Мила не заметила, как в зеркале произошли изменения. Сейчас она сидела уже одна, …но, не совсем; она гладила мохнатого серого с чёрной спинкой щенка, разлёгшегося на её ногах. Разумеется, никакой собачки в реальности не было, и Мила продолжала удивлённо восхищаться невероятным зеркалом.
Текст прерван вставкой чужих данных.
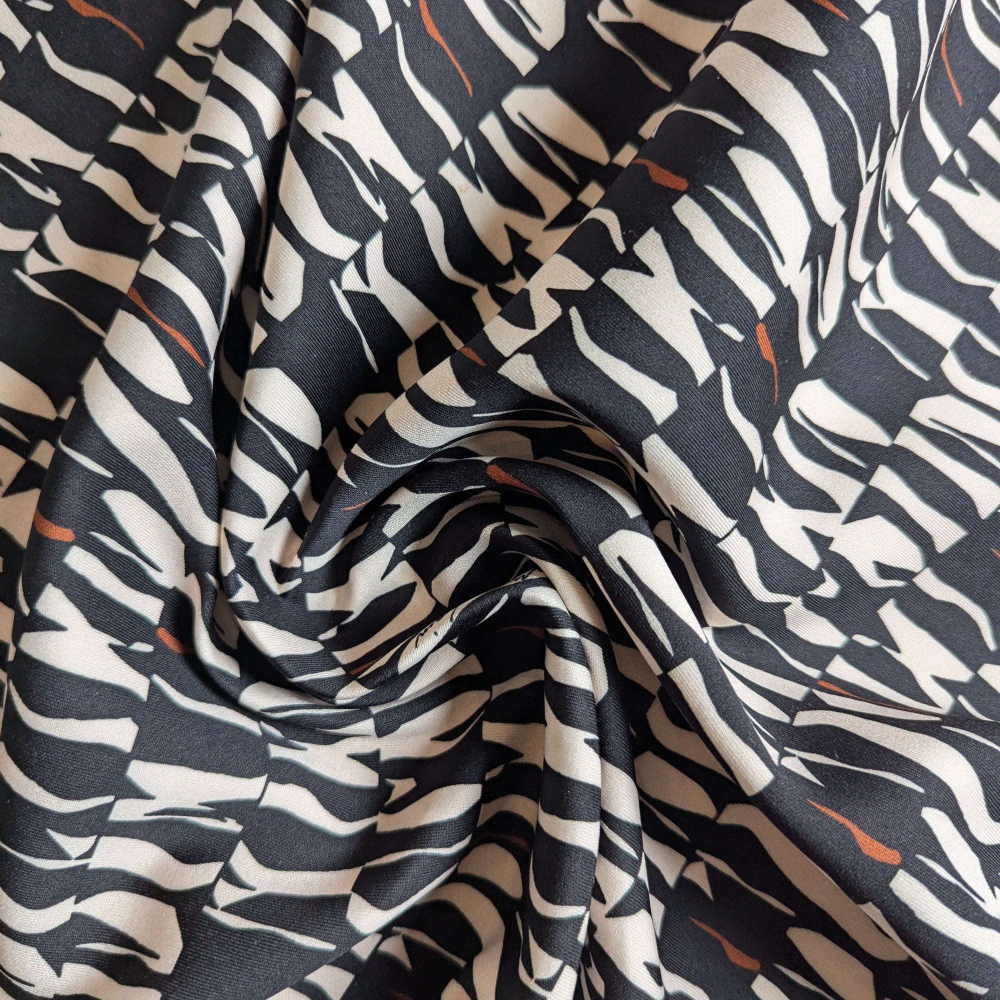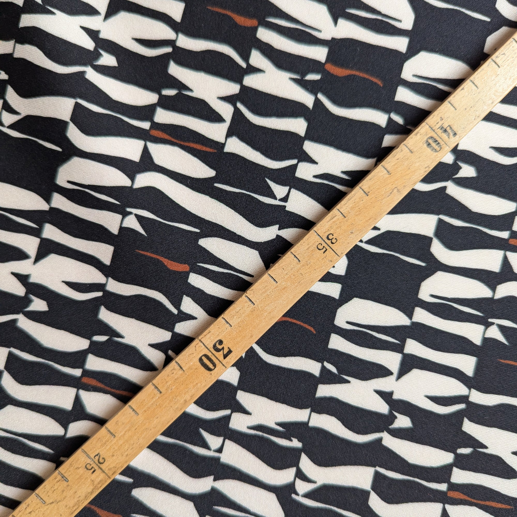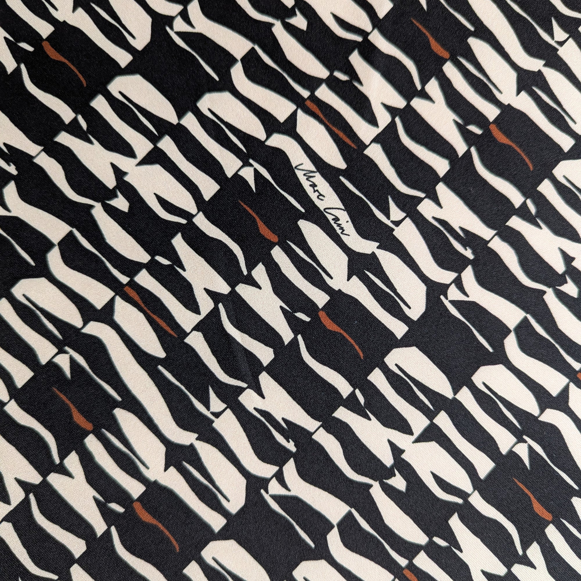 Meterware M###c C##n Designerstoff – Deadstock Punto Milano Polyester Naturweiß-Schwarz Logo | 140 cm | M1X6X7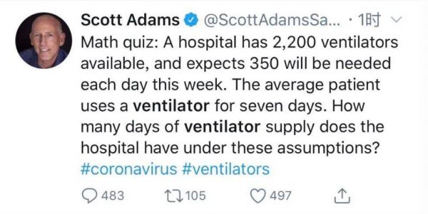 准确计算呼吸机的缺口数量是个复杂的数学问题(图源:twitter)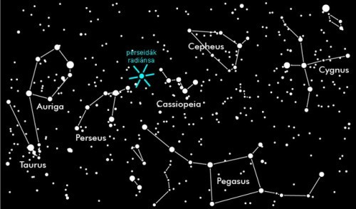 A Perseida-meteorraj radiánsának helyzete a csillagképekhez képest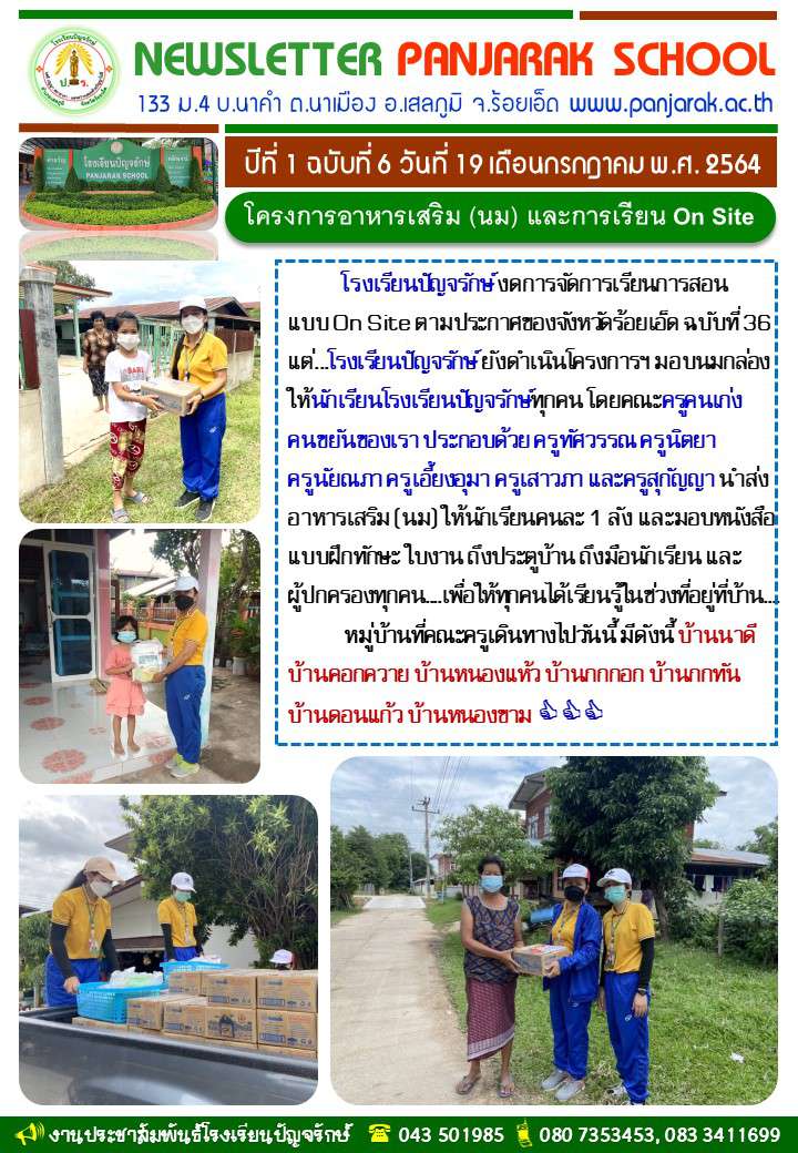 โครงการอาหารเสริม (นม) และงดการเรียน On Site ฉ.6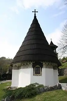 Vue de l'église de la Dormition-de-la-Mère-de-Dieu de Dobri Potok. | |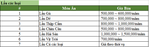 Bạn cũng có thể tham khảo danh sách menu dưới đây để lên ý tưởng trước cho buổi liên hoan của bạn!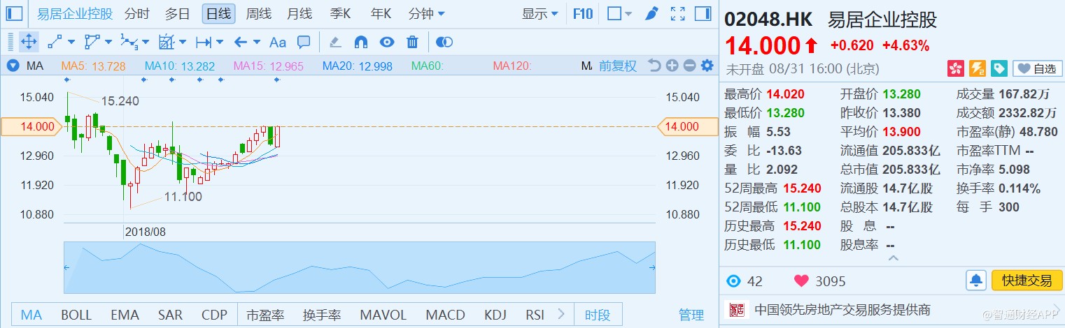 中國房地產(chǎn)行業(yè)正站在拐點上,行業(yè)集中度將進一步提升,存量市場成為各路資本的新戰(zhàn)場,“服務生”易居在資源及戰(zhàn)略布局上已做好充分準備,上半年的成績或許只是新的起點。8月31日,易居股價收漲4.63%,報14港元。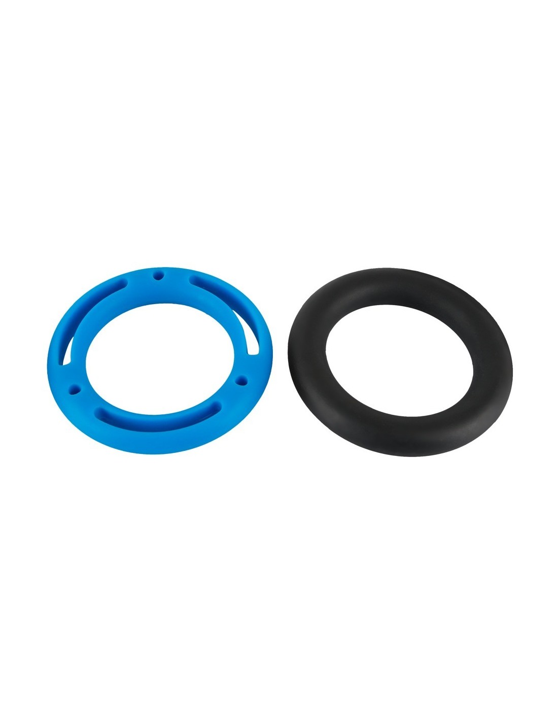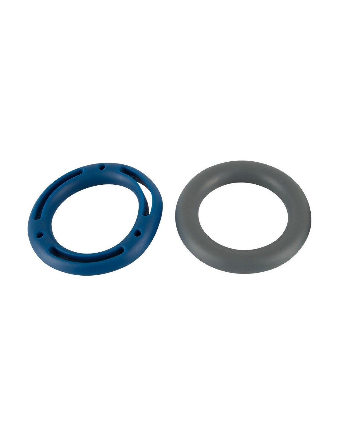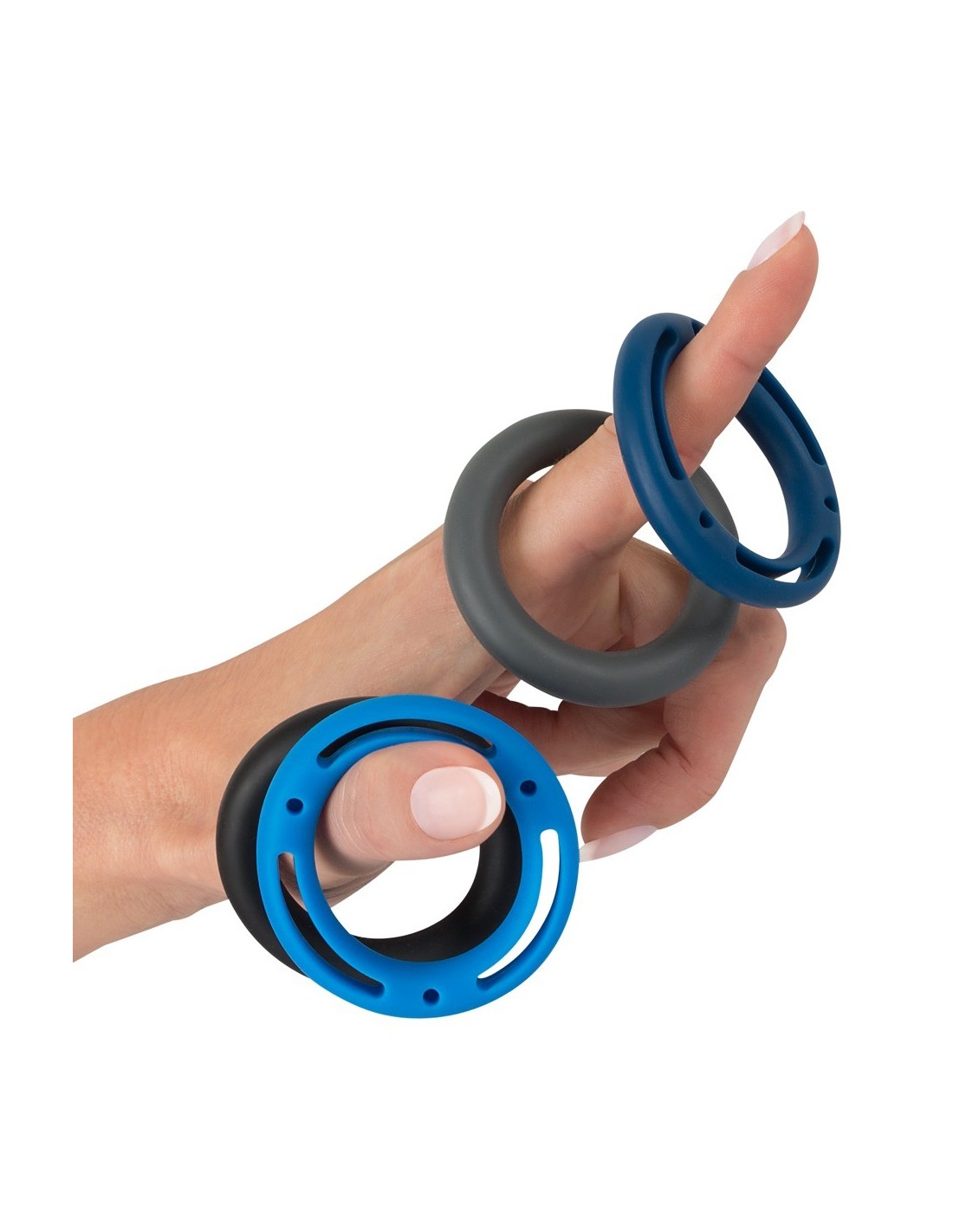 These tight-fitting yet wonderfully flexible rings provide the perfect fit, ensuring optimal blood congestion for a longer-lasting erection. Say goodbye to premature endings and hello to extended pleasure sessions. The set includes two rings, each with a unique design and color combination (light blue/dark blue/grey/black). Whether you prefer a smooth surface or one with tantalizing holes, you'll find the perfect ring to suit your desires.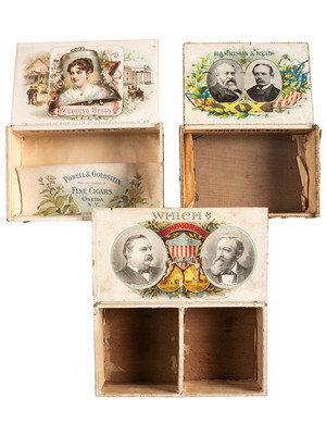 [HARRISON, Benjamin] -- [CLEVELAND, Grover]. A group of cigar boxes and early American pattern glass cups from the 1884, 1888, and 1892 presidential campaigns, comprising: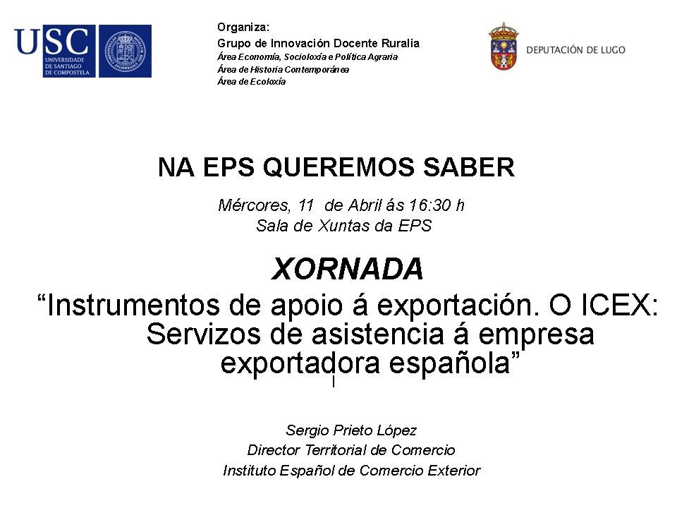 Los instrumentos de apoyo a la exportación y los servicios de asistencia que ofrece el Instituto Español de Comercio Exterior (ICEX) centra este miércoles 11 de abril la temática de una jornada promovida en la Escuela Politécnica Superior de Ingeniería del Campus Terra de la USC por el grupo de innovación docente Ruralia en el marco del ciclo ‘En la EPS queremos saber’.

– Гораздо приятнее картинка, но всё равно не твоя, – сообщил голос. – Что-то зеркало сегодня заигрывается. Видимо, настрой хороший на происходящие перемены.

И отражение плавно, как-то незаметно глазу, поменялось. Теперь рядом с Милой сидел Валентин, и никакого щенка больше не было. Она, как и в прошлый раз, повернула голову и взглянула на пустую скамью возле себя, а после, снова принялась с интересом разглядывать нереальное отражение. В белой рубашке и чёрных строгих брюках Валентин был неподвижен, как манекен, и смотрел вверх, словно разглядывал пролетающую в небе стаю птиц. Сама Мила отражалась в зеркале естественно, как и была в реальности. Она проверила и поводила рукой; все движения и мимика соответствовали оригиналу.

– Ну вот, то, что нужно? – лукаво прозвучал голос и прокомментировал: – Пусть он не лев и не орёл, но как он романтично умеет глядеть в высь. …Ты что так надолго замолчала?

Мила опустила голову и тихо промолвила, не скрывая лёгкого возмущения:

– Позвольте мне самой разобраться в этом…, без посторонней помощи.

– А кто мешает? Разбирайся, – небрежно позволили ей.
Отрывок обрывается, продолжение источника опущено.